Celeste Holm, the Academy Award-winning actress who created the role of Ado Annie in the Broadway musical Oklahoma!, died at her Manhattan home on July 15. She was 95 and had recently suffered a heart attack.
Holm’s Broadway career spanned more than five decades, from her debut in the short-lived 1938 comedy Gloriana to Paul Rudnick’s 1991 comedy I Hate Hamlet. As a stage actress, she was best known for her comic turn in Rodgers & Hammerstein’s 1943 classic musical (in which she sang “I Cain’t Say No”), the 1944 musical Bloomer Girl and for replacement runs in The King and I and Mame. Her most recent NYC stage appearance was in the 1994 Encores! concert of Allegro. She was inducted into the Theater Hall of Fame in 1992.
On the strength of her performance in Bloomer Girl, Holm was signed to a film contract and quickly won a Best Supporting Actress Oscar for Gentleman’s Agreement, a 1947 drama centering on anti-Semitism in America. She received two additional Oscar nominations for Come to the Stable (1949) and All About Eve (1950). TV roles included supporting parts in the series Promised Land and Falcon Crest and the fairy godmother in the 1965 telecast of Rodgers & Hammerstein’s Cinderella.

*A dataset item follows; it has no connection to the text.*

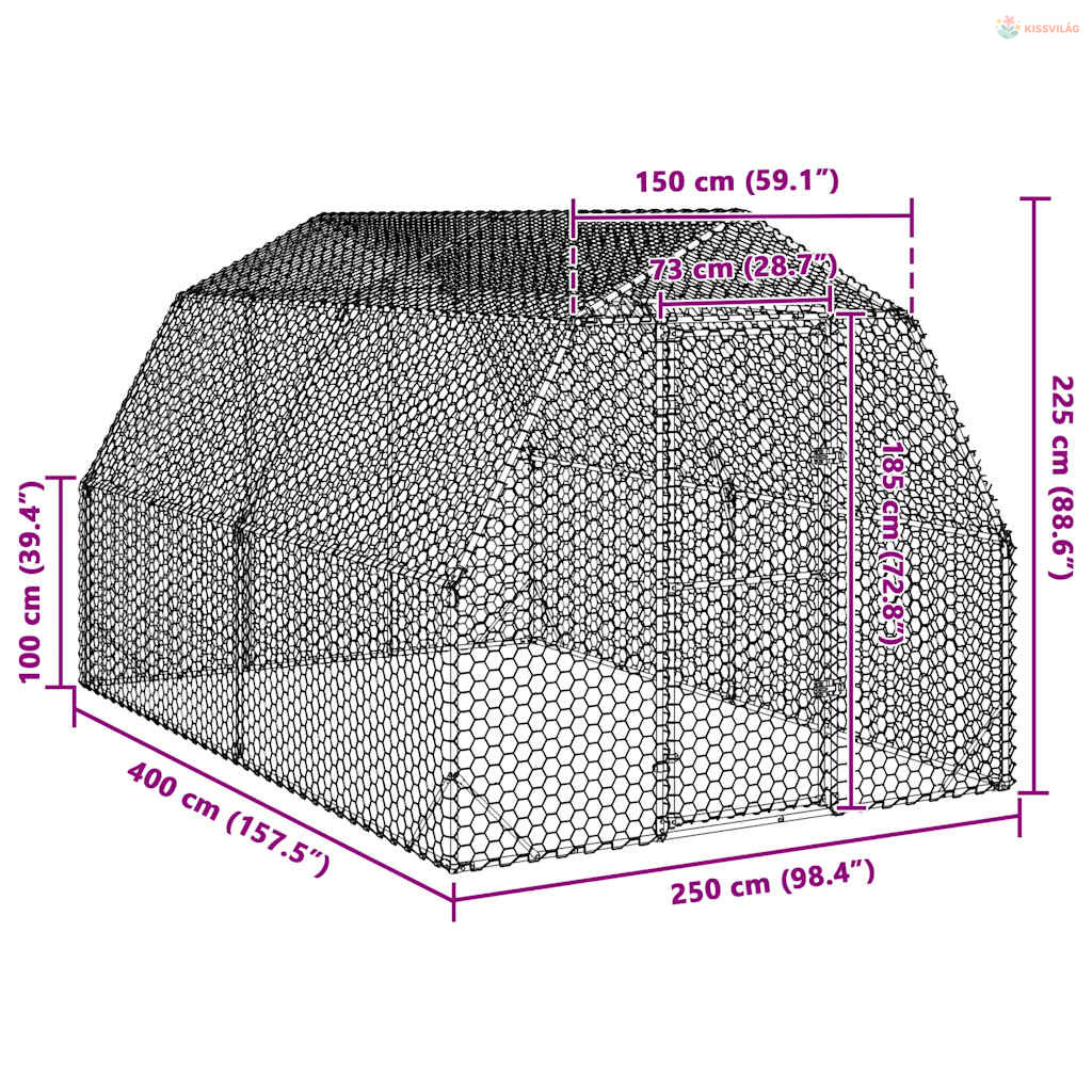 Csirkefuttató 2,5x4x2,25 m horganyzott acél

Born in New York on April 29, 1917, Holm spent her childhood in cities around the world due to the business career of her Norwegian father. She studied drama at the University of Chicago before winning her first stage role opposite Leslie Howard in Hamlet. The actress was married five times, including a 35-year union with Broadway veteran Wesley Addy, who died in 1996. She is survived by her fifth husband, Frank Basile, and two sons.